Il
serait facile pour évoquer le dernier film de Claire
Simon de convoquer tout le vocabulaire ayant
rapport au feu, parler ainsi d’un embrasement
des sens, d’une passion inexorable et unilatérale,
destinée à se consumer au propre comme au figuré.
Facile, et réducteur surtout, pour une œuvre
incandescente et sensorielle qui nous propulse au
cœur de la vie de Livia, adolescente de quinze
ans, dans un village provençal défiguré par les
pavillons modernes sans âme où rôtissent des
occupants languides sous un soleil de plomb qui
assèche et attise.
Vivant
avec sa mère – qui s’évertue à parler en
anglais pour des motifs inexpliqués – et la
copine de celle-ci, Livia passe son temps à
s’occuper de son cheval ET qu’elle bichonne
avec application et tendresse, sur lequel elle se
promène dans la campagne comme dans le village,
fière et indépendante amazone. De sa position
dominante, elle scrute les alentours avec morgue
et colère. Car Livia est une jeune fille en colère,
en rage contre sa mère qui n’y connaît rien
aux chevaux, son père absent et la société en général.
Suite
à une chute de cheval, elle est secourue par Jean
Susini, pompier à la caserne locale. Pour Livia,
c’est le coup de foudre, la passion qui s’abat
sur elle, l’amène à sans cesse rechercher la
présence de Jean et à commettre l’irréparable :
provoquer un incendie dévastateur et meurtrier.
Le titre annonce d’emblée la couleur et l’évolution
de l’histoire est si évidente qu’on en dévoile
l’issue sans gêne car les qualités de Ca brûle
ne résident pas dans sa trame.
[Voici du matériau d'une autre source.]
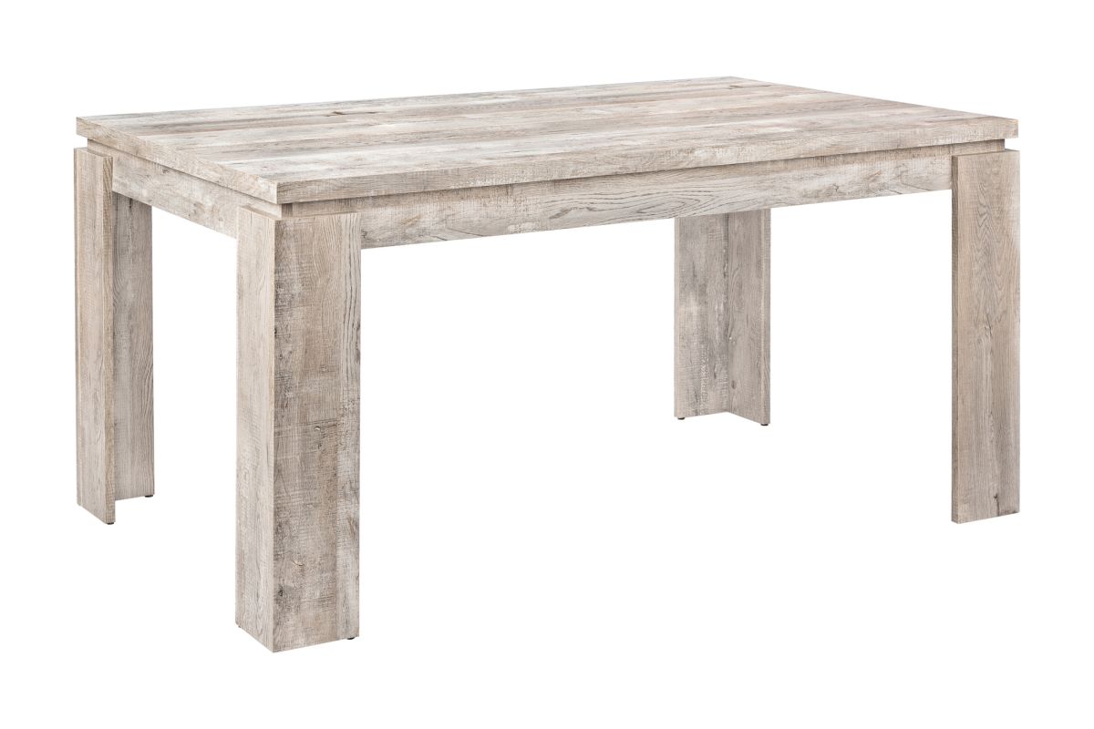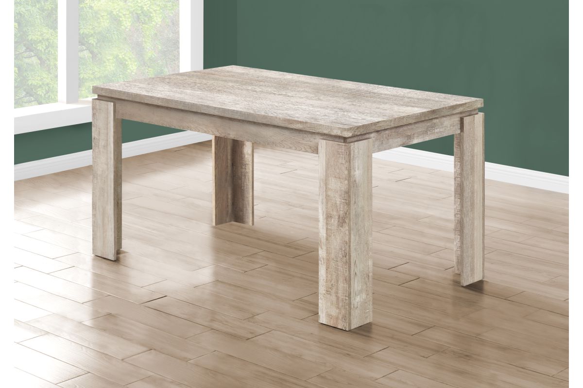 Looking for rustic? Looking for contemporary? How about both? This taupe thick-paneled kitchen table features a unique reclaimed wood look surface to offer the perfect unique style for your new place. The modern dining table also features thick, open block shaped legs to keep everything nice and sturdy. When it's time to make a statement in your home, count on this kitchen table to do the trick in a casual or formal dining setting. Chairs sold separately.

Ou pas seulement.
Ce
qui intéresse Claire Simon, dont le passé
de documentariste resurgit dans la dernière
partie du film, c’est comment une jeune fille
bouleversée par une passion amoureuse naissante
et sans retour – le sobre Jean n’exprime au
mieux qu’une sollicitude amicale pour Livia
qu’il a secourue – et habitée d’une fureur
solitaire en vient à déclencher une catastrophe,
comme mode d’expression. « Une espèce
de terrorisme à usage individuel »
comme qualifie elle-même la cinéaste l’acte de
Livia.
Claire
Simon appréhende avec la distance suffisante
et le regard exacerbé, jamais naïf ni
complaisant, le monde étrange de l’adolescence,
le fameux âge des possibles : celui où garçons
et filles se jaugent et s’affrontent comme de
jeunes animaux dans l’objectif d’essayer, d’épuiser
les possibles et pas forcément de construire.
Livia sur sa monture, ce qui la singularise et
provoque l’agressivité envieuse des garçons,
juchés sur leur scooter pétaradant, se coltine
avec ceux-ci dans des jeux violents (rodéo cheval
contre scooter ), ou initiatiques (apprendre à
embrasser).
Plutôt
revêche et peu facile d’accès, Livia ne
suscite aucune sympathie excessive de la part du
spectateur. De son côté, Jean reste neutre, à
la fois lointain et présent. On est parfois crispés,
énervés par les partis pris de mise en scène
(gros plans sur les visages, mobilité de la caméra)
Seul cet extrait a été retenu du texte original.